[Records excerpted from a collection]
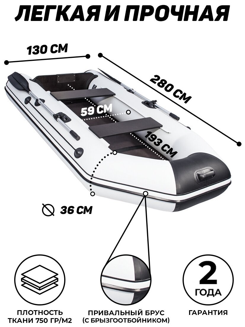Надувная лодка ПВХ под мотор Аква 2800 СКК графит/черный
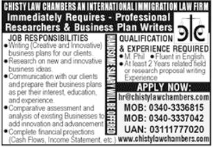 Chisty Law Chambers Lahore Punjab Pakistan invites applications from eligible candidates for the post of Research Business Plan Writer as per advertisement of February 6, 2022 published in daily Jang Newspaper. Mphil etc. educational qualification will be preferred.
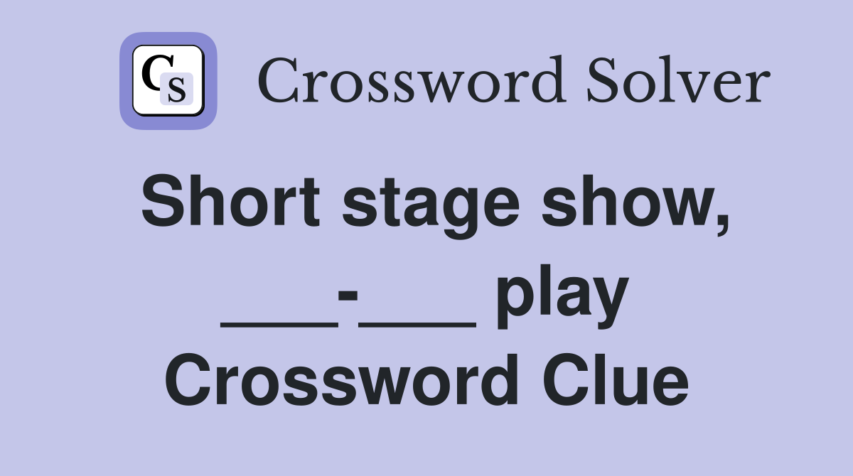 Short stage show play Crossword Clue Answers Crossword Solver
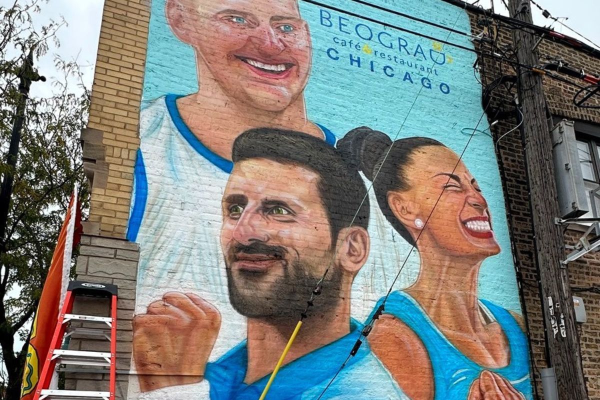 U Čikagu je pre par dana završen mural sa likvima Novaka Đokovića, Nikole Jokića i Ivane Vulete. Ogromni mural visine 26 i širine 15 fiti nalazi na zgradi popuarnog Beograd kafe restorana na Irving Park ulici.
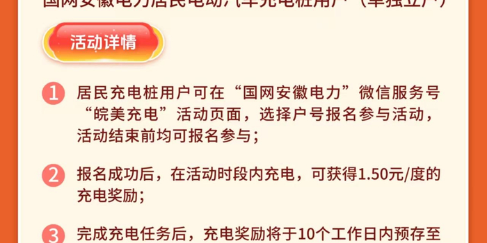 活动对象:国网安徽电力居民 电动汽车充电桩用户(单独立户)
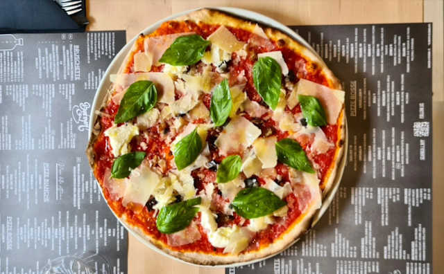 - Mozzarella, provola affumicata, prosciutto cotto di praga, scaglie di grana, miele e basilico
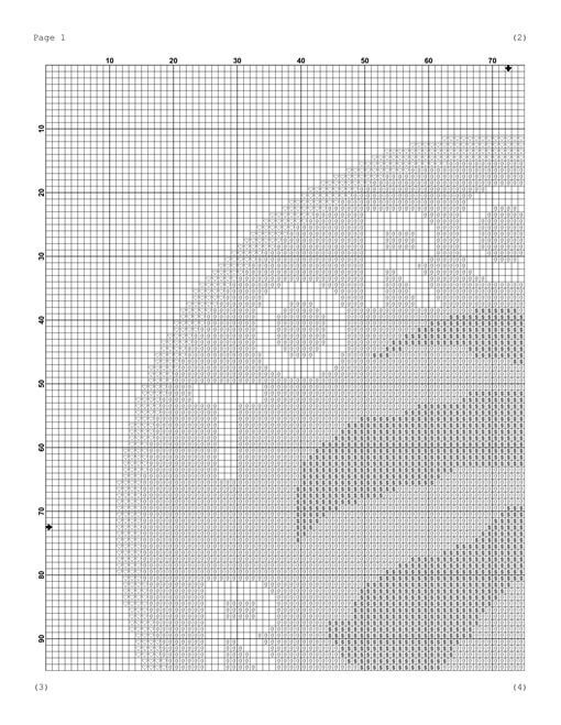 - and 4 pages with zoomed views of both the color and b&w patterns for simpler stitching.
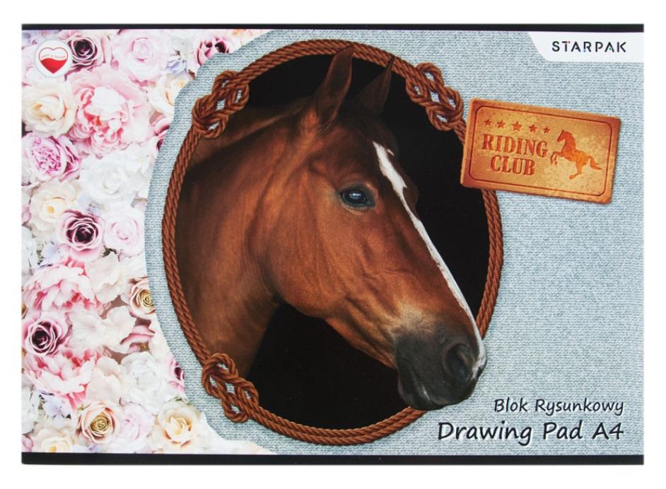 Blok rysunkowy z 20 białymi kartkami. Okładkę zdobią zdjęcia koni.
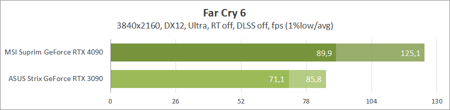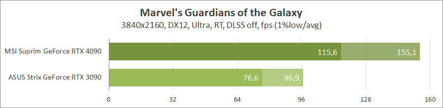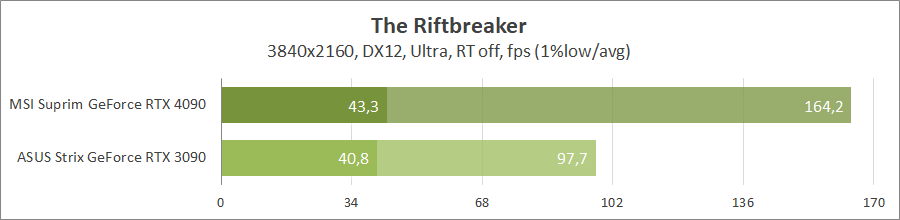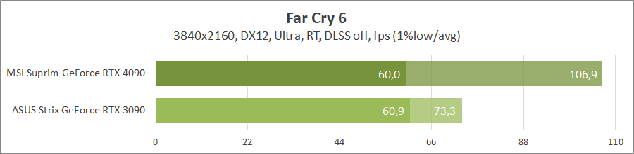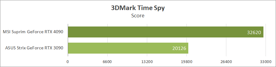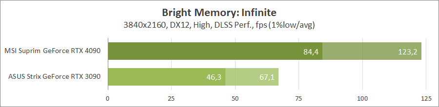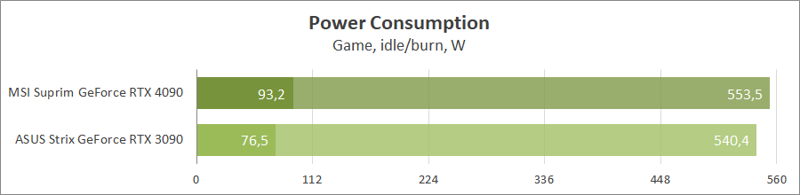 Чип працює на стандартній частоті 2235 МГц та може прискорюватися до 2625 МГц, що більше, ніж у розглянутій раніше ASUS TUF GeForce RTX 4090. А ось ліміт потужності у Suprim обмежений 520 Вт. Пам’ять функціонує зі стандартною пропускною спроможністю 21 Гбіт/с.
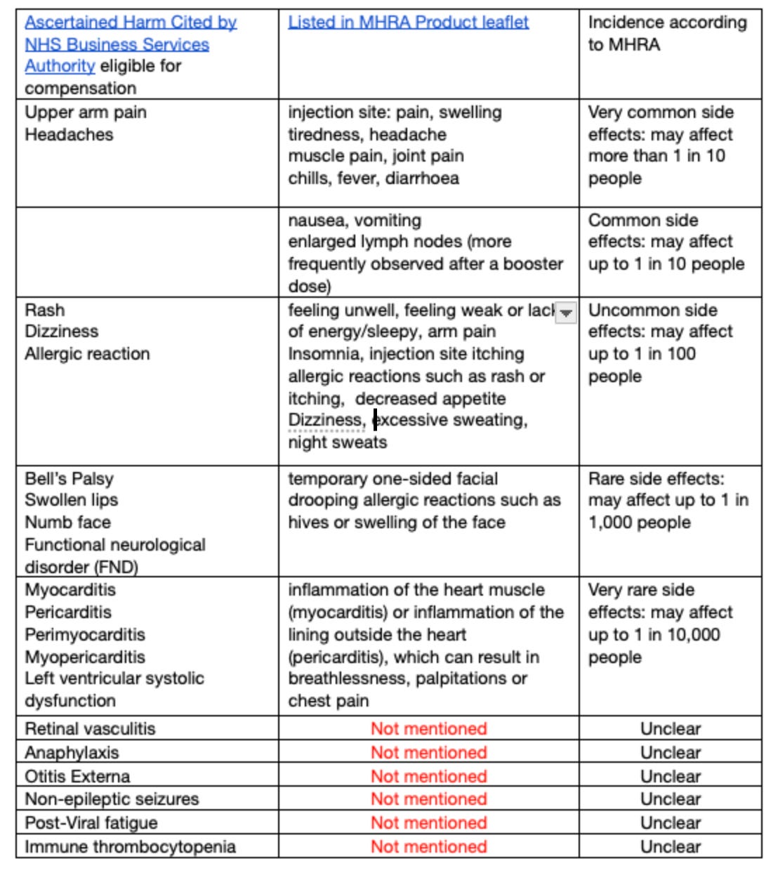 Mooching around the possible harms of Comirnaty, the Pfizer BioNTech Covid-19 vaccine, we came across the list of recognised harms cited by the NHS Business Services Authority. These recognised harms and the degree of disability made the unfortunate subjects eligible for compensation.
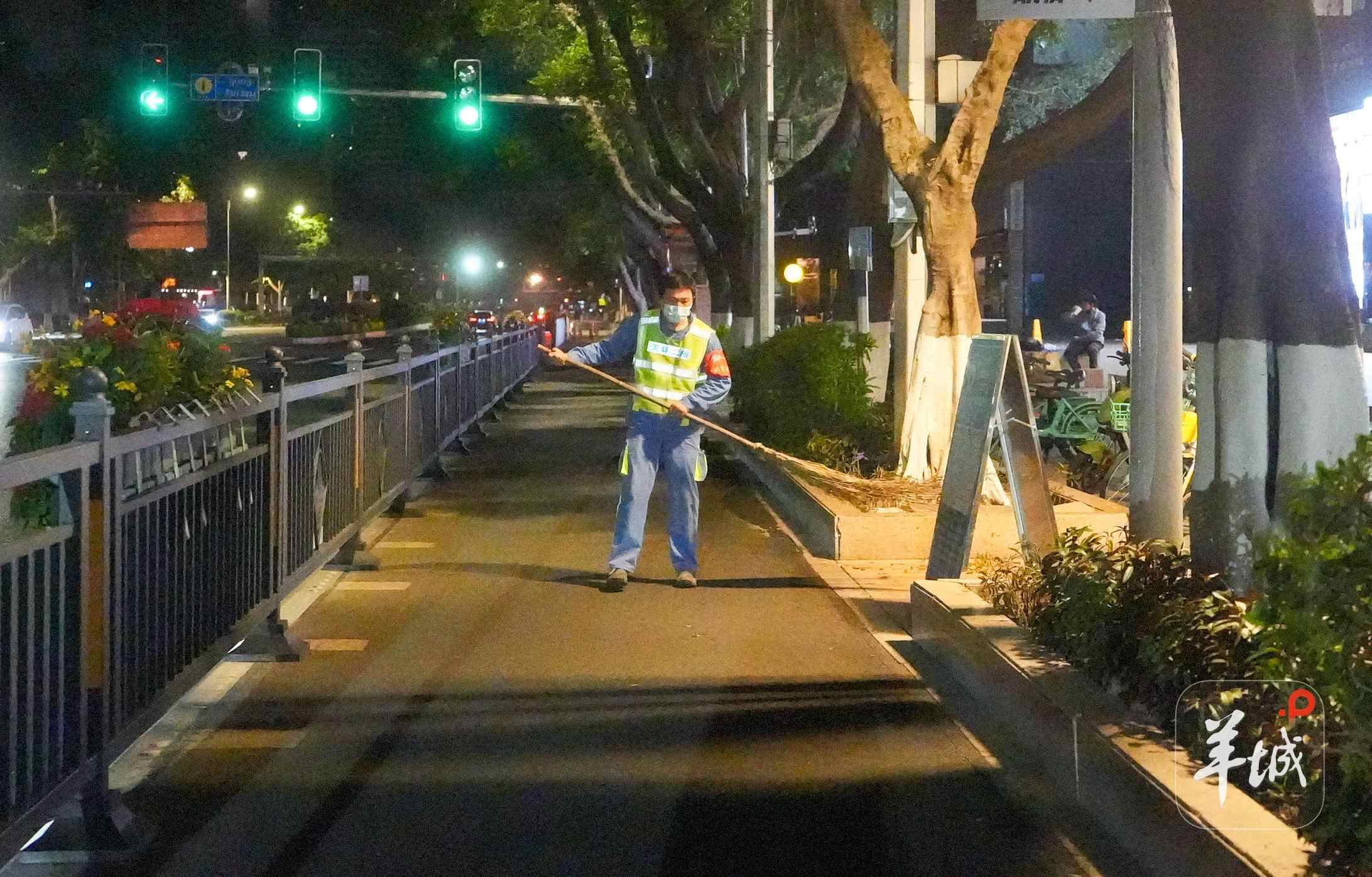 同样在夜色中开始工作的,还有负责赛道及周边环境的环卫人员。据天河体育中心所属天环二所介绍,部分环卫工人凌晨三点已到位,开始清理街道,为赛事做准备。
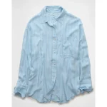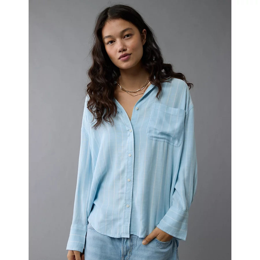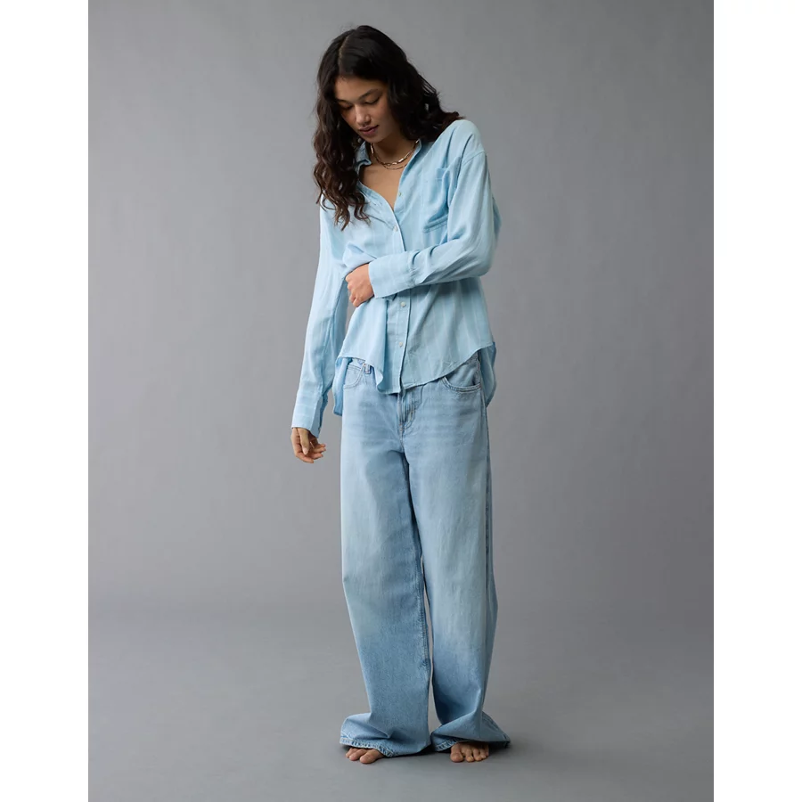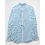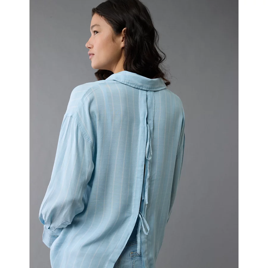 AE Long-Sleeve Tie Back Button-Up Shirt – Light Blue
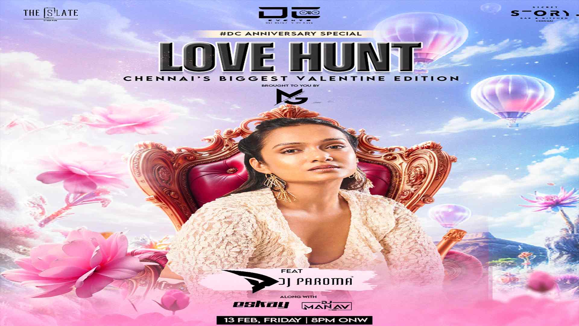LOVE HUNTCHENNAI'S BIGGEST VALENTINE EDITION#DC ANNIVERSARY SPECIALDate: 13th Feb / Fri / 8pm onwardsVenue: SECRET STORYFeaturing: DJ PAROMAAlong with: DJ ESKAY x DJ MANAVGirls - 500/- ( Only Entry )* Additionally 500/- cover charges apply on gates as mandatoryMale - 1000/- ( Only Entry )* Additiona
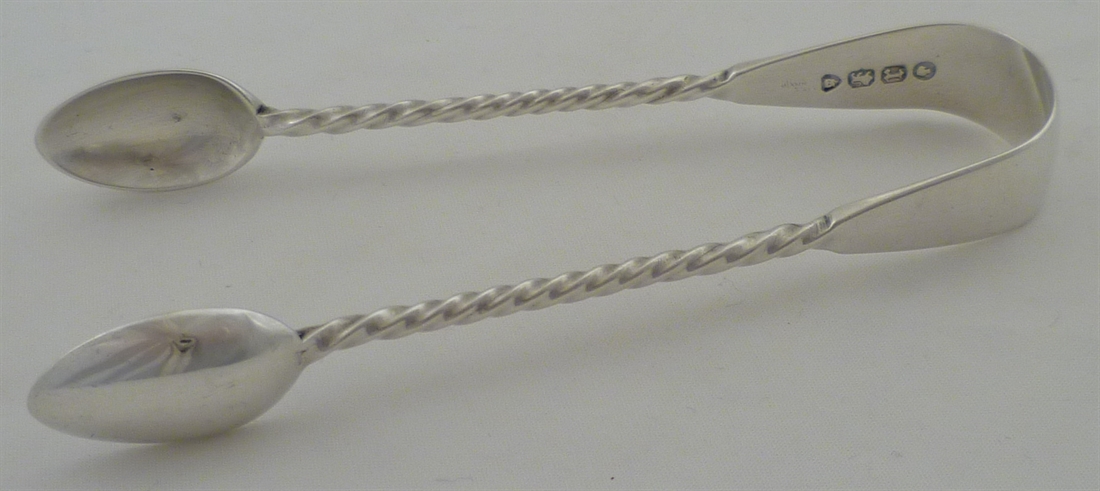 DESCRIPTION | Victorian solid silver sugar tongs with spiral twist arms and no engraving to the bow. |

■ **TASK PROMPT**: Your task is to repeat the records exactly. Images do not belong in the copy.

■ **TASK ANSWER**:
Надувная лодка ПВХ под мотор Аква 2800 СКК графит/черный
 Chisty Law Chambers Lahore Punjab Pakistan invites applications from eligible candidates for the post of Research Business Plan Writer as per advertisement of February 6, 2022 published in daily Jang Newspaper. Mphil etc. educational qualification will be preferred.
 Short stage show play Crossword Clue Answers Crossword Solver
 U Čikagu je pre par dana završen mural sa likvima Novaka Đokovića, Nikole Jokića i Ivane Vulete. Ogromni mural visine 26 i širine 15 fiti nalazi na zgradi popuarnog Beograd kafe restorana na Irving Park ulici.
 活动对象:国网安徽电力居民 电动汽车充电桩用户(单独立户)
 - Mozzarella, provola affumicata, prosciutto cotto di praga, scaglie di grana, miele e basilico
 - and 4 pages with zoomed views of both the color and b&w patterns for simpler stitching.
 Blok rysunkowy z 20 białymi kartkami. Okładkę zdobią zdjęcia koni.
 Чип працює на стандартній частоті 2235 МГц та може прискорюватися до 2625 МГц, що більше, ніж у розглянутій раніше ASUS TUF GeForce RTX 4090. А ось ліміт потужності у Suprim обмежений 520 Вт. Пам’ять функціонує зі стандартною пропускною спроможністю 21 Гбіт/с.
 Mooching around the possible harms of Comirnaty, the Pfizer BioNTech Covid-19 vaccine, we came across the list of recognised harms cited by the NHS Business Services Authority. These recognised harms and the degree of disability made the unfortunate subjects eligible for compensation.
 同样在夜色中开始工作的,还有负责赛道及周边环境的环卫人员。据天河体育中心所属天环二所介绍,部分环卫工人凌晨三点已到位,开始清理街道,为赛事做准备。
 AE Long-Sleeve Tie Back Button-Up Shirt – Light Blue
LOVE HUNTCHENNAI'S BIGGEST VALENTINE EDITION#DC ANNIVERSARY SPECIALDate: 13th Feb / Fri / 8pm onwardsVenue: SECRET STORYFeaturing: DJ PAROMAAlong with: DJ ESKAY x DJ MANAVGirls - 500/- ( Only Entry )* Additionally 500/- cover charges apply on gates as mandatoryMale - 1000/- ( Only Entry )* Additiona
 DESCRIPTION | Victorian solid silver sugar tongs with spiral twist arms and no engraving to the bow. |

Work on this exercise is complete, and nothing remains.